WHAT YOU HAVE TO DO:
From the records below, print only the part that opens with the line containing "2. 실행창을 열어(단축키" and closes with the line containing "Możliwość doposażenia bagażnika"; omit the pictures.

EXERCISE INPUTS:
···
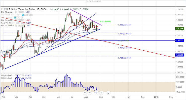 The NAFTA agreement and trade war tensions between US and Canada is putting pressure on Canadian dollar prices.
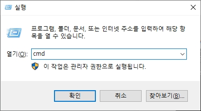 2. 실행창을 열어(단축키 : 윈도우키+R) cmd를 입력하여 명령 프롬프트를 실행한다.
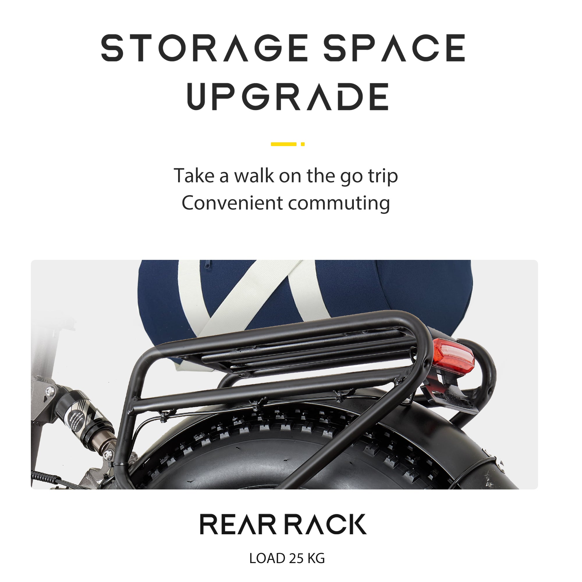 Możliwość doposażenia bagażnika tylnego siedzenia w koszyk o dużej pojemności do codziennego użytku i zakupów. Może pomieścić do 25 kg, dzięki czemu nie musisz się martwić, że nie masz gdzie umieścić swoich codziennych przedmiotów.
···
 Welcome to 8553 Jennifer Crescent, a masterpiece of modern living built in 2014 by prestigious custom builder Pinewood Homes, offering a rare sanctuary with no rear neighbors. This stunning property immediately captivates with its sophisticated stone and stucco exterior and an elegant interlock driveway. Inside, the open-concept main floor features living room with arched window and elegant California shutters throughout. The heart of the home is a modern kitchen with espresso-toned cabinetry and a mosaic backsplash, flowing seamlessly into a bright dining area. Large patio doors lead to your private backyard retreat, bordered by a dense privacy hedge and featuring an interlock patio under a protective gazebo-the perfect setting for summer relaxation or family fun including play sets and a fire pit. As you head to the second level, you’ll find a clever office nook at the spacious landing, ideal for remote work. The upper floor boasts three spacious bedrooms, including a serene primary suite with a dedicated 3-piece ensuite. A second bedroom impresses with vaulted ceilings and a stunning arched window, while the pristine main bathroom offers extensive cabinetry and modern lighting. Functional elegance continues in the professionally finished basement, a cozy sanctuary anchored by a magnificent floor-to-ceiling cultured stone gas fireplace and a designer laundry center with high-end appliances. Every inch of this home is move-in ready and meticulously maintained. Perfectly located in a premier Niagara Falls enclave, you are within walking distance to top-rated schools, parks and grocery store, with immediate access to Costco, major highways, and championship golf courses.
···
SOLUTION FOR THIS TASK:
 2. 실행창을 열어(단축키 : 윈도우키+R) cmd를 입력하여 명령 프롬프트를 실행한다.
 Możliwość doposażenia bagażnika tylnego siedzenia w koszyk o dużej pojemności do codziennego użytku i zakupów. Może pomieścić do 25 kg, dzięki czemu nie musisz się martwić, że nie masz gdzie umieścić swoich codziennych przedmiotów.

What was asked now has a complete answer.